Work order: Exclude the pictures, and otherwise reproduce the data in full.

§

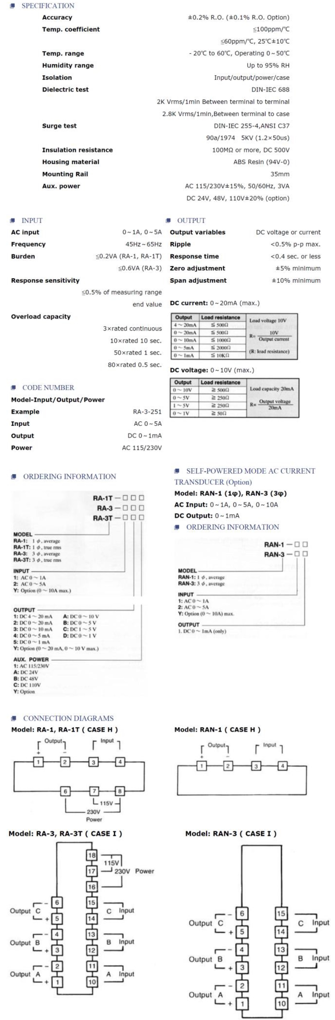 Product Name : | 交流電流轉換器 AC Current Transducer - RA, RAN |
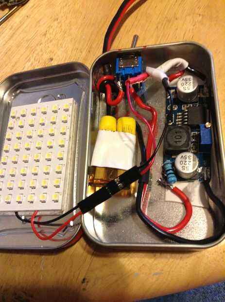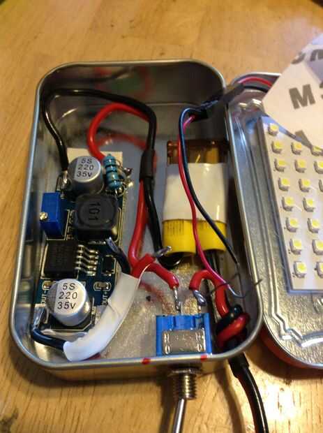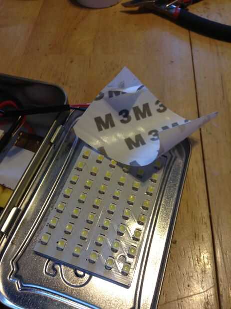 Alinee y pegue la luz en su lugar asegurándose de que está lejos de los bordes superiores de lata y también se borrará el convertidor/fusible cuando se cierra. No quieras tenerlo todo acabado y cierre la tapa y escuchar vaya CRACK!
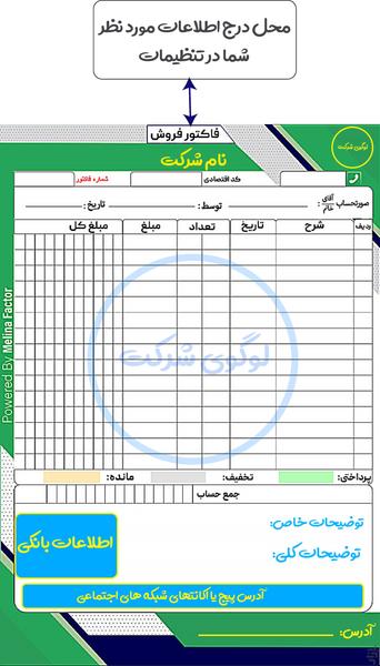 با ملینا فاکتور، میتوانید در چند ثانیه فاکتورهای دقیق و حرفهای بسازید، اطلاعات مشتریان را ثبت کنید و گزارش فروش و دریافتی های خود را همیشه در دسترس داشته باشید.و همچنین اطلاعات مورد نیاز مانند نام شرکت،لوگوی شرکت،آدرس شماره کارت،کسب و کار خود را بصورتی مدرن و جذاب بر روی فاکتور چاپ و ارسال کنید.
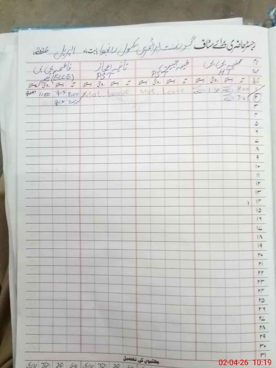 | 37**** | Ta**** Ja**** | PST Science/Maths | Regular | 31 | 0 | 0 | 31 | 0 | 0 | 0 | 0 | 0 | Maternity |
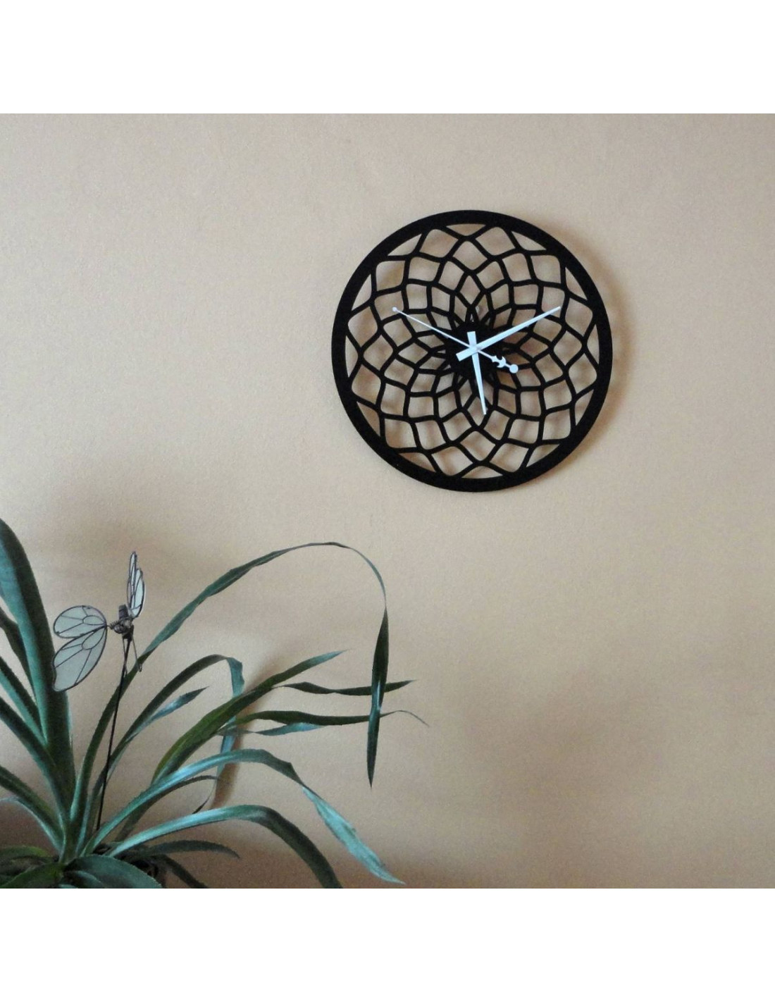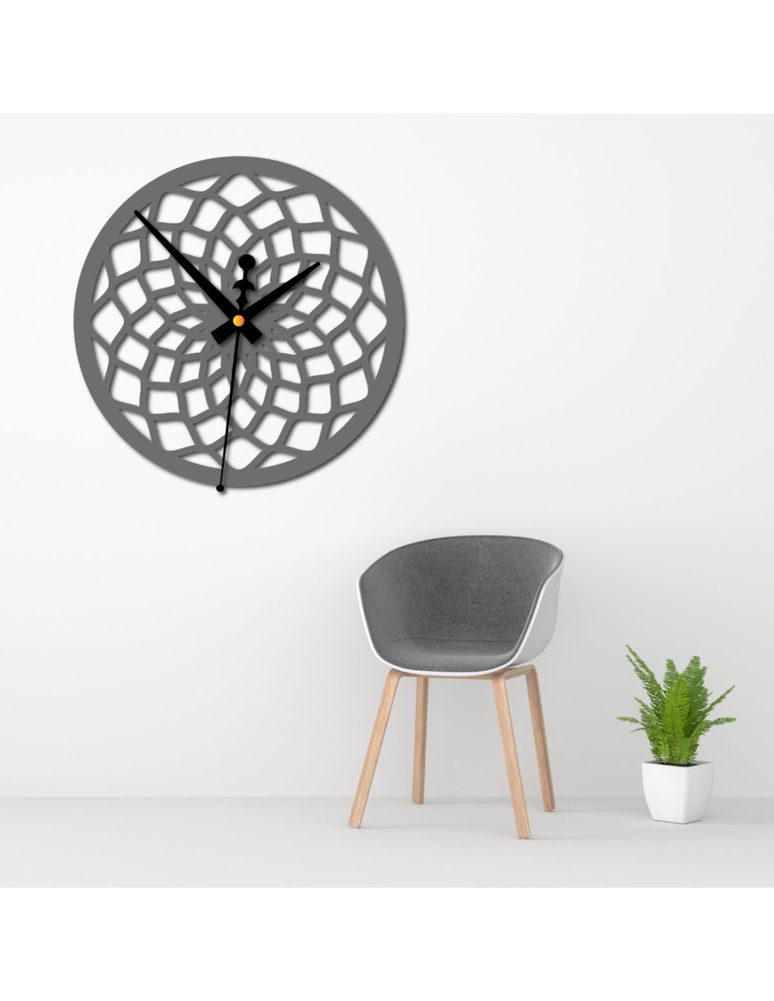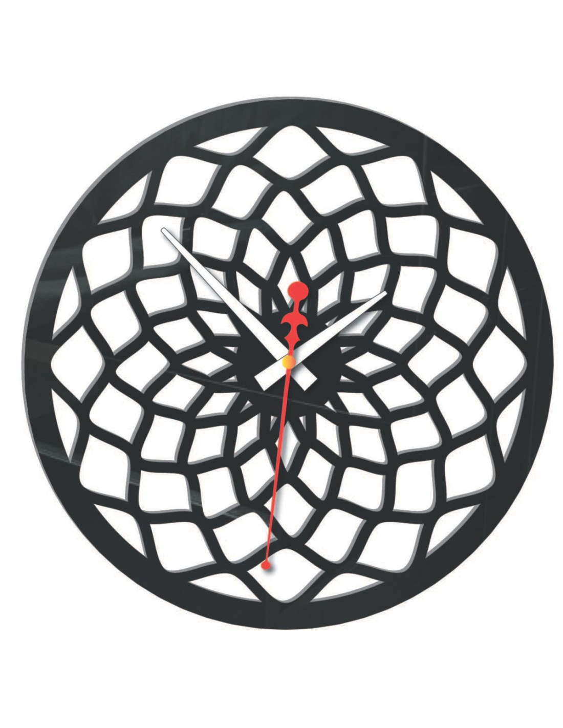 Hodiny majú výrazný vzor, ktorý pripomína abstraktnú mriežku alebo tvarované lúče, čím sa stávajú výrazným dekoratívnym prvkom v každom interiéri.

§

Exercise answer:
 Product Name : | 交流電流轉換器 AC Current Transducer - RA, RAN |
 Alinee y pegue la luz en su lugar asegurándose de que está lejos de los bordes superiores de lata y también se borrará el convertidor/fusible cuando se cierra. No quieras tenerlo todo acabado y cierre la tapa y escuchar vaya CRACK!
 با ملینا فاکتور، میتوانید در چند ثانیه فاکتورهای دقیق و حرفهای بسازید، اطلاعات مشتریان را ثبت کنید و گزارش فروش و دریافتی های خود را همیشه در دسترس داشته باشید.و همچنین اطلاعات مورد نیاز مانند نام شرکت،لوگوی شرکت،آدرس شماره کارت،کسب و کار خود را بصورتی مدرن و جذاب بر روی فاکتور چاپ و ارسال کنید.
 | 37**** | Ta**** Ja**** | PST Science/Maths | Regular | 31 | 0 | 0 | 31 | 0 | 0 | 0 | 0 | 0 | Maternity |
 Hodiny majú výrazný vzor, ktorý pripomína abstraktnú mriežku alebo tvarované lúče, čím sa stávajú výrazným dekoratívnym prvkom v každom interiéri.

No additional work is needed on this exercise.